Titus Bramble Set For Sunderland + Possible Raul, Ramires and Fabregas Deals

Little Johnny’s Twenty Four Seven Transfer Window Tip Offs

PhotobucketPerez Shilton’s resident toddler transfer expert, Little Johnny, whose knowledge extends to having once looked at a picture of Lomana Lualua, gives us his take on the day’s transfer news:

Wednesday 21st July:


Titus Bramble to Sunderland from Wigan for an estimated fee of £1 million:

During his stay at Newcastle, Bramble’s name became almost synonymous and interchangeable with the word ‘awful’ as in the phrase “that player is really Titus Bramble”, commonly used by fans, scouts, pundits and even once by Nelson Mandela in a speech decrying apartheid as “Titus Bramble”.

Somewhat miraculously, he has been able to salvage a great deal of this reputation at Wigan, even being awarded the Lactic’s ‘Player of the Year’ and ‘Player’s Player of the Year’ in the 2008/09 season. Bramble put his renewed success down to the faith then Wigan, and now Sunderland, boss Steve Bruce had in him and this relationship is seen as one of the key reasons for this move, which is still subject to a medical.

Sunderland will be thanking Bramble’s ever changing fortunes as they saw the £5 million fee reported just yesterday plummet spectacularly to £1 million. Little Johnny caught up with Wigan boss Roberto Martinez who revealed that this dramatic fall in stock has come about due to Martinez’s need for a hasty sale, after witnessing “one of the worst training sessions I have ever seen.

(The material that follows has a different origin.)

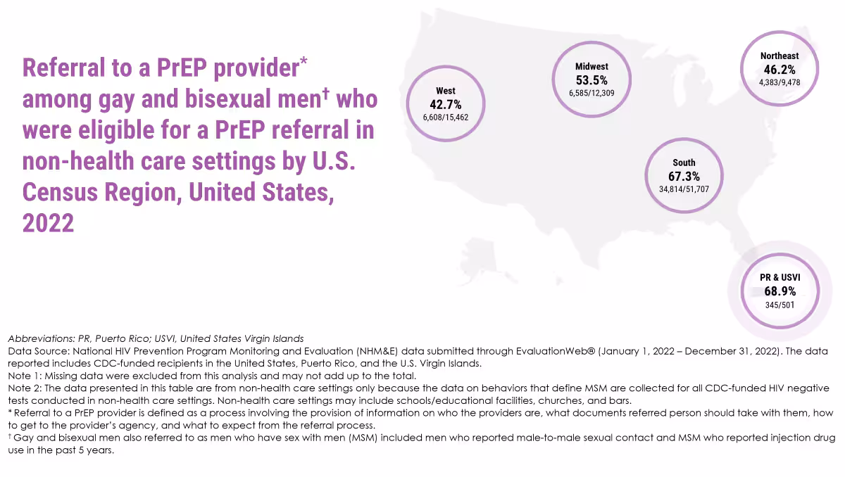 Referral to a PrEP provider* among gay and bisexual men† who were eligible for a PrEP referral in non-health care settings by U.S. Census Region, United States, 2022

He managed to injure half of the first team, score a dozen own goals, permanently paralyze three ball boys from the waist down and breach several animal rights acts, which have resulted in a lawsuit from the RSPCA, all in under an hour. The Sunderland scout was on his way to watch him train so I had to hastily agree to everything before he got to the training ground. In the end, I think we’ve come out the better off.”


Raul to Newcastle or Tottenham from Real Madrid on a free transfer:

Michael Owen was the last past-his-best striker that the Toon acquired from Real Madrid, and we all know how that worked out. Really badly (just in case you didn’t know). Spurs, on the other hand, are happy to repeatedly spend every transfer window being linked with out of contract legends of the game, although the last time they actually bought one was Edgar Davids five years ago.

Johnny’s Verdict:With a decent strike force already, Spurs definitely don’t need him as much as Newcastle. Despite being older than Peter Lovenkrands, Shola Ameobi and Andy Carroll put together, Raul is still three times as good and would be welcomed with open arms on Tyneside.”

Ramires to Manchester City from Benfica for a fee of £30 million:

After City’s alleged move for James Milner from Aston Villa supposedly stalled, the Eastlands club promptly went “oh well” and have reportedly turned their interests to Ramires after manager Roberto Mancini looked at his stats on Football Manager, releasing a statement saying: “he will become a world class midfielder by 2012, mark my words.”

Johnny’s Verdict:Man City have the funds as well as seemingly no concerns about how many players they already have in one position. Could easily happen.”

Cesc Fabregas to Barcelona from Arsenal in return for Xavi’s silence:

Rumour has it that Xavi witnessed Gunner’s boss Arsene Wenger committing an act of unspeakable illegality such as murder, fly tipping or undertaking on the motorway. After he released yet another statement about how much he wants Fabregas to join the Catalans to the press today, much has been made of Xavi’s quotes that he was “on loan” at Arsenal and that “there is nothing they can do to stop him joining.”

Little Johnny and his team of experts have spent long hours deciphering these quotes and have come to the conclusion that they represent a thinly veiled threat to reveal Arsene’s secret unless Cesc joins, especially the quote: “I will reveal Arsene’s secret unless Cesc joins.”

Johnny’s Verdict: “In order to buy Xavi’s silence, Arsene will relent allow Fabregas to join his former club, as well as signing over custody of his next grandchild. It’s a lot like the show Desperate Housewives, only far less sexy.”


Johnny says: “Mick McCarthy to sell off organs for medical experiments in order to raise funds to buy a lower league centre back.”